24.3: Chemotherapy-Induced Nausea and Vomiting: Neurokinin-1 Receptor Antagonists

Neurokinin 1 (NK₁) receptors are distributed across the GI tract, vagal afferents, and key CNS regions including the central vomiting center and chemoreceptor trigger zone (CTZ) Chemotherapy agents stimulate enterochromaffin cells in the gastrointestinal (GI) tract to release large amounts of substance P (SP). SP is a neuropeptide released by specific sensory nerves in response to many different stressors, including those in the GI mucosa affected by chemotherapy. SP binds and activates these NK₁ receptors leading to the nausea and vomiting associated with chemotherapy.

NK₁-receptor antagonists, like aprepitant (Emend), netupitant (Akynzeo), and rolapitant (Varubi), have been developed to counteract this physiological response. These drugs cross the blood-brain barrier, selectively bind to NK₁ receptors, and inhibit the binding of substance P, thereby preventing chemotherapy-induced nausea and vomiting (CINV).
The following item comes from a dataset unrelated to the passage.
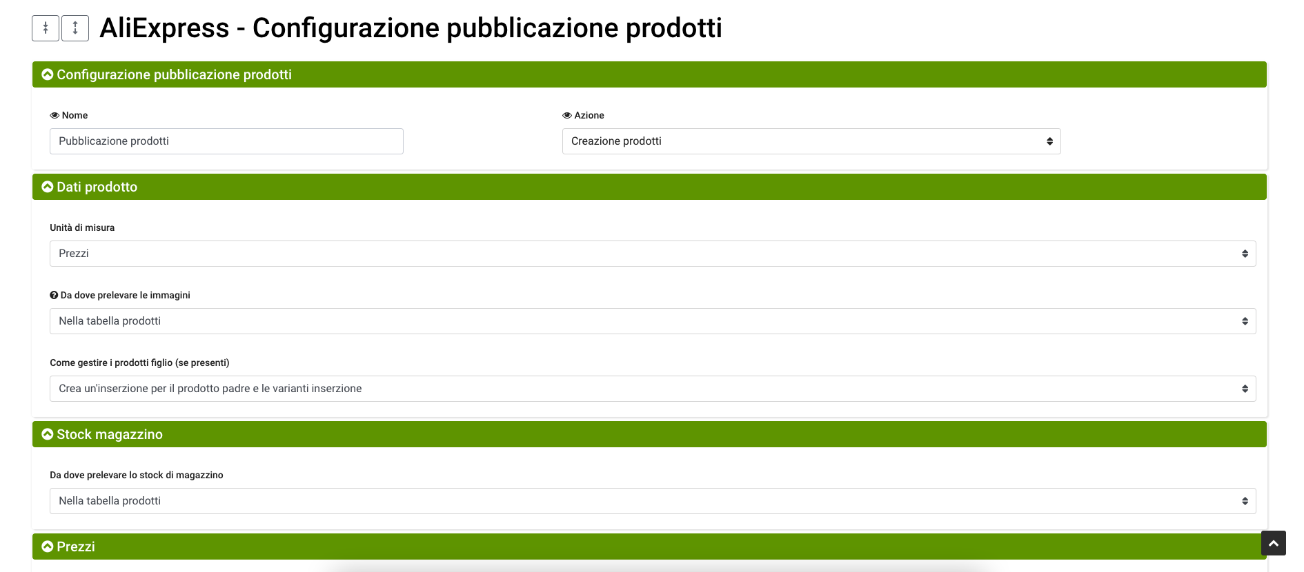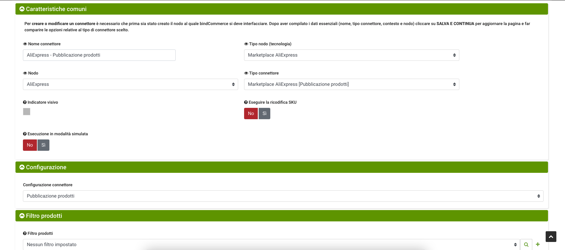 Dopo aver creato il nodo di collegamento tra bindCommerce e AliExpress, ed aver associato le categorie, è possibile procedere con le configurazioni per la pubblicazione degli articoli su AliExpress. Questo tipo di configurazione risulta necessario per determinare quale tipo di operazione il connettore dovrà eseguire e prevede la possibilità di pubblicare su altri mercati oltre a quello principale.

CINV typically has two phases: the acute phase, which develops within hours of chemotherapy, and the delayed phase, which occurs between two and five days post-treatment. While most anti-emetic drugs effectively control the acute phase of CINV, NK₁-receptor antagonists are particularly effective in inhibiting the delayed phase. For optimal results, they are typically used with a 5-HT₃ antagonist and dexamethasone.

These antagonists are metabolized primarily through the liver's CYP3A4 pathway. However, they can suppress the hepatic metabolism of anti-cancer agents like docetaxel (Taxotere), paclitaxel (Taxol), and imatinib (Gleevec). Adverse effects may include fatigue, abdominal pain, diarrhea, hiccups, and, uncommonly, neutropenia.

The central vomiting center and the chemoreceptor trigger zone in the brainstem are rich in neurokinin 1 or NK₁ receptors. During chemotherapy, the GI mucosa releases substance P, which crosses the blood-brain barrier to bind and activate the NK₁ receptor, ultimately inducing vomiting.

To combat this, several NK₁-receptor antagonists like aprepitant, netupitant, and rolapitant, are available. They selectively bind NK₁ receptors, blocking substance P binding and preventing chemotherapy-induced nausea and vomiting, or CINV.

CINV has two phases : the acute phase occurring shortly after treatment and the delayed phase arising a few days after treatment.

NK₁-receptor antagonists effectively inhibit the delayed phase of CINV. They are typically used with acute phase inhibitors – 5-HT₃ antagonists and dexamethasone.

They are primarily metabolized by hepatic CYP3A4. Notably, this may affect the CYP3A4-mediated metabolism of anti-cancer agents such as docetaxel, paclitaxel, and imatinib.

Additional adverse effects comprise fatigue, diarrhea, hiccups, and neutropenia.